__TRY IT__.
Write out, word for word, every line in the data below from the one containing "Deze kompel zit" to the one containing "33303 Digital Print", both of them included.

__ENTRIES PROVIDED__.

..............................

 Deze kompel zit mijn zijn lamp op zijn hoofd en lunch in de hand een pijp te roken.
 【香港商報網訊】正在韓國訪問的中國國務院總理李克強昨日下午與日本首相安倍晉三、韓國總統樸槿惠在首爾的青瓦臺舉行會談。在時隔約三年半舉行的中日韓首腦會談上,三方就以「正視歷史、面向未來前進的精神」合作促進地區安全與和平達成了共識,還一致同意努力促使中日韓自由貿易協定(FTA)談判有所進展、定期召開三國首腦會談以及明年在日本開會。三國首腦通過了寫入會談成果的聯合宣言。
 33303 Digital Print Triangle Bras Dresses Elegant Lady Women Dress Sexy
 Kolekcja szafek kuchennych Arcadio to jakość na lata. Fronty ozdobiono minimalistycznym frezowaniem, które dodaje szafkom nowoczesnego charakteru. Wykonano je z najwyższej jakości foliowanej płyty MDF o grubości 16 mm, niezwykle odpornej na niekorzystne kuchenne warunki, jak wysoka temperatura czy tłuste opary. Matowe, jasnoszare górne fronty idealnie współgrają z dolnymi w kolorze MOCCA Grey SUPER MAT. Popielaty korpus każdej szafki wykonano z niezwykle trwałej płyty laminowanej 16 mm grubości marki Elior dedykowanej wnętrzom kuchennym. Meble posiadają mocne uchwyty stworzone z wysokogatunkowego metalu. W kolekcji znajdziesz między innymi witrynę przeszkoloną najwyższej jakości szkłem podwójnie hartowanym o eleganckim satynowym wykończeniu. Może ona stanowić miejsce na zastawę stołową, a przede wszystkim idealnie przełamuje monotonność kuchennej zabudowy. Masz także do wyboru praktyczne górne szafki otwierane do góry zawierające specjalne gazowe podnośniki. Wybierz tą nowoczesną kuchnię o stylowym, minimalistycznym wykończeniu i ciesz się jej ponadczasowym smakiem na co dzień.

..............................

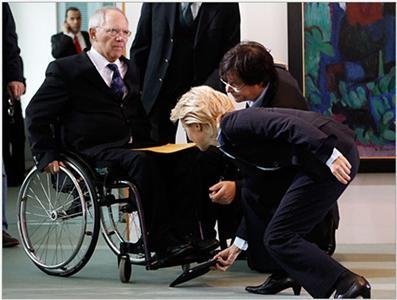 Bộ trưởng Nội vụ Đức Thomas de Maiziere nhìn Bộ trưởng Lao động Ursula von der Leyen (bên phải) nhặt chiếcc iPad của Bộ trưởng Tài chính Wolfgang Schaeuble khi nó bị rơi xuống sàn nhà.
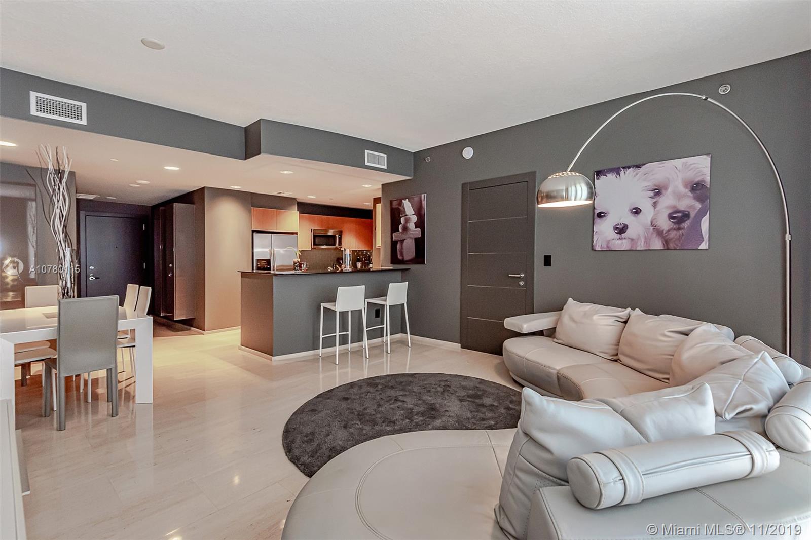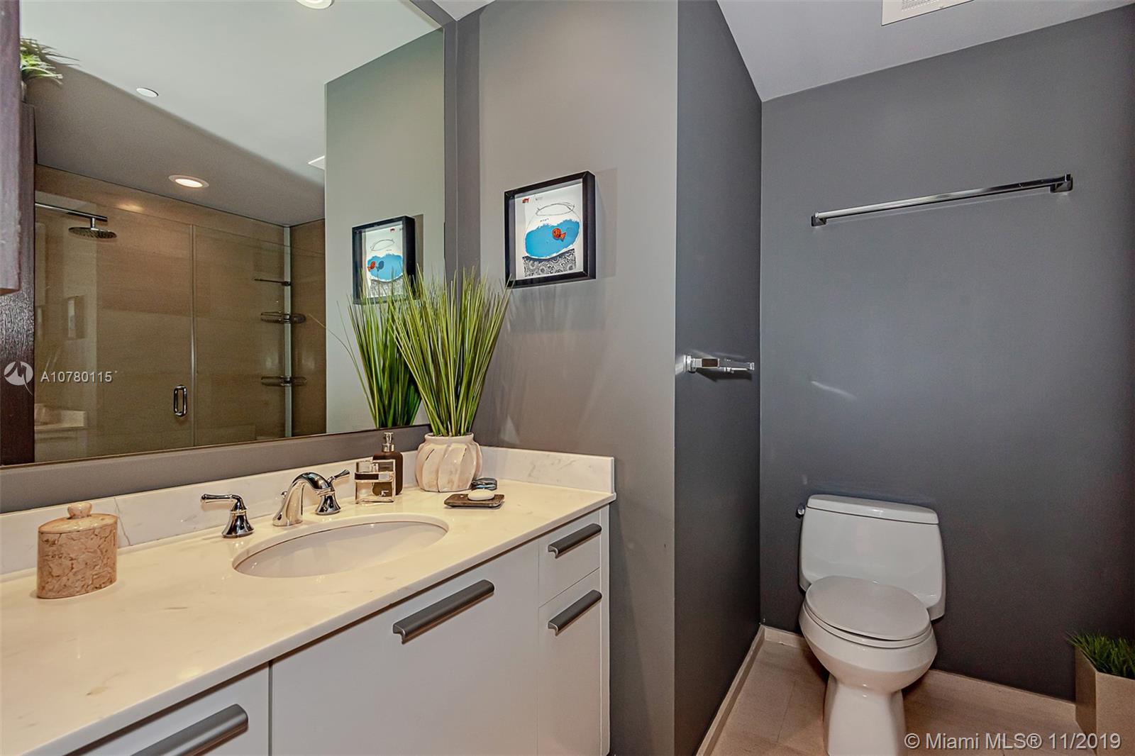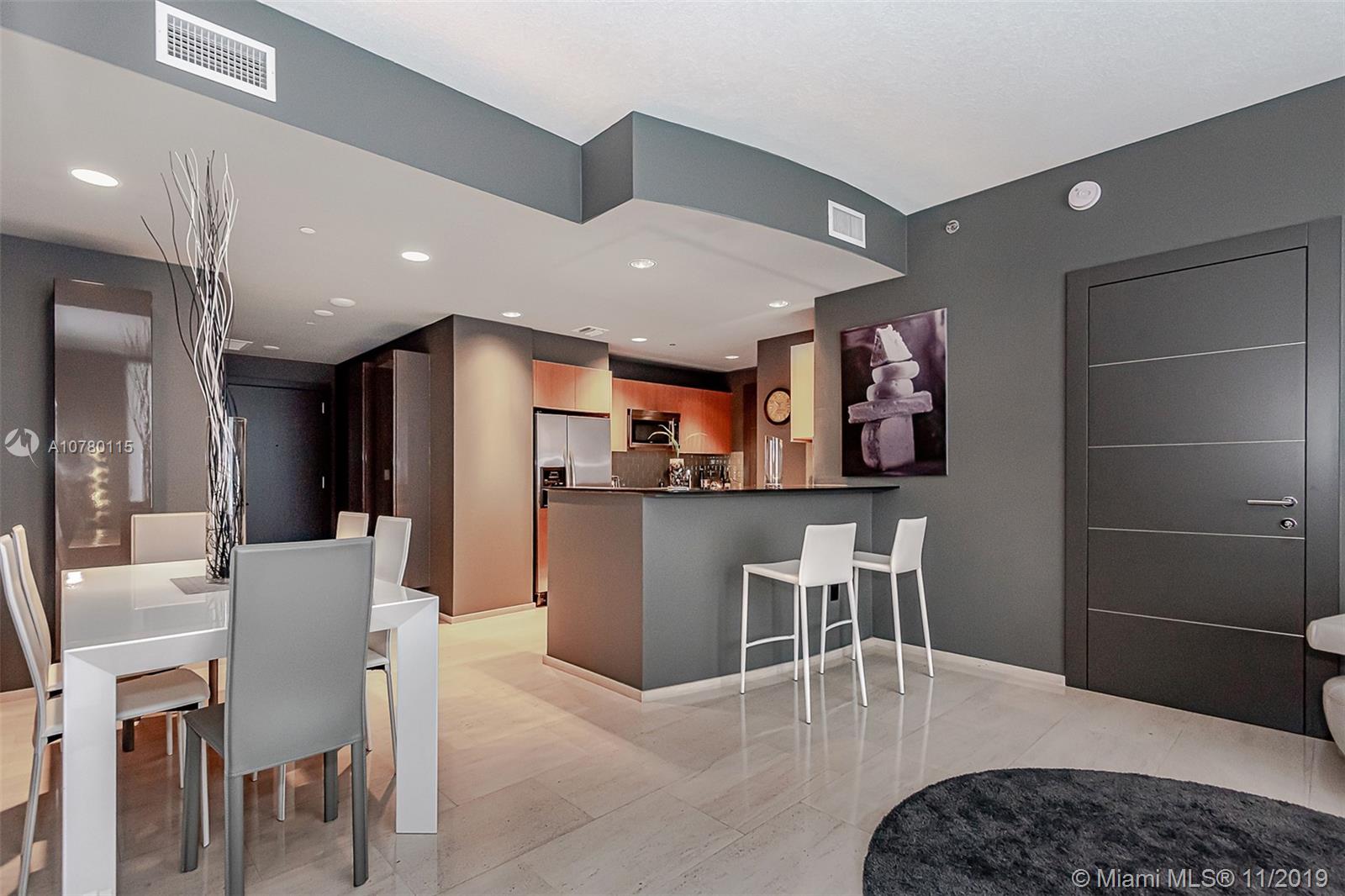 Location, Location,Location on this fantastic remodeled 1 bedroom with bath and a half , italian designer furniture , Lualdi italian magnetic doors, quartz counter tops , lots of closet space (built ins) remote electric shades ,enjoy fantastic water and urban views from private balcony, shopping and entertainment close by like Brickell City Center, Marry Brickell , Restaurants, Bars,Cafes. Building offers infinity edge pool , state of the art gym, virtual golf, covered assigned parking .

..............................

__SOLUTION TO THIS TASK__.
 Deze kompel zit mijn zijn lamp op zijn hoofd en lunch in de hand een pijp te roken.
 【香港商報網訊】正在韓國訪問的中國國務院總理李克強昨日下午與日本首相安倍晉三、韓國總統樸槿惠在首爾的青瓦臺舉行會談。在時隔約三年半舉行的中日韓首腦會談上,三方就以「正視歷史、面向未來前進的精神」合作促進地區安全與和平達成了共識,還一致同意努力促使中日韓自由貿易協定(FTA)談判有所進展、定期召開三國首腦會談以及明年在日本開會。三國首腦通過了寫入會談成果的聯合宣言。
 33303 Digital Print Triangle Bras Dresses Elegant Lady Women Dress Sexy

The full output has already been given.